Dusty Path of Appreciation:
How My Aunt’s Voicemail And John Prine’s Death Sparked My Songwriting
By Sam Slick
(Artist Essay)

Editor’s Note: In March, Rhode Island singer-songwriter Sam Slick released his excellent new album After the Dream, Before the Memoriesa stirring mix of Americana, folk, and rock. You can learn more about the release and single “Tumbleweeds” via SWT’s Singles Spotlight feature.

You can catch Sam Slick perform the new songs live at the following dates:

May 29th – The Golden Owl in New London, CT
May 30th – Providence Porchfest
June 5th – The Virgil Co-op in West Kingston, RI
June 6th – Therapy Coffee and RPM Records in Westerly, RI
July 11th – The Golden Owl in New London, CT

Today, we’re excited to share an Artist Essay Slick wrote about how his desert wanderings and the phrase “life’s too short” helped him shed past regrets and future anxieties, remain present, and find focus and creativity.

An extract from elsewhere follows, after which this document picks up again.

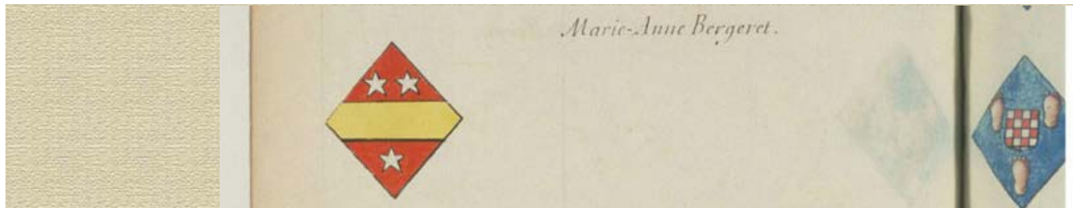
BERGERET, : Registre 29 - Provence 1 page 671

Our street slowly sloped up the hill to the South, where it ended at a fence bordering the national park. I was starting to sweat as I walked up, the heat remaining in the eighties as it had since around dawn. The fence still hadn’t been fixed so I had an easy time getting through to the park side. Maybe I’ll find some more coyotes, I hoped, or at least hear them serenade the hillside.

I followed the same unofficial trail of dusty footsteps I had taken quite often since moving to the desert two months before. The landscape looked totally alien – full of more life than you’d expect somewhere so hot and dry, but nothing resembled the verdant touches I had always lived around. Passing some sprawling creosote bushes, I started to hike up the short rocky point. From here I knew I could get a great view of the sun setting over the mountains to our West.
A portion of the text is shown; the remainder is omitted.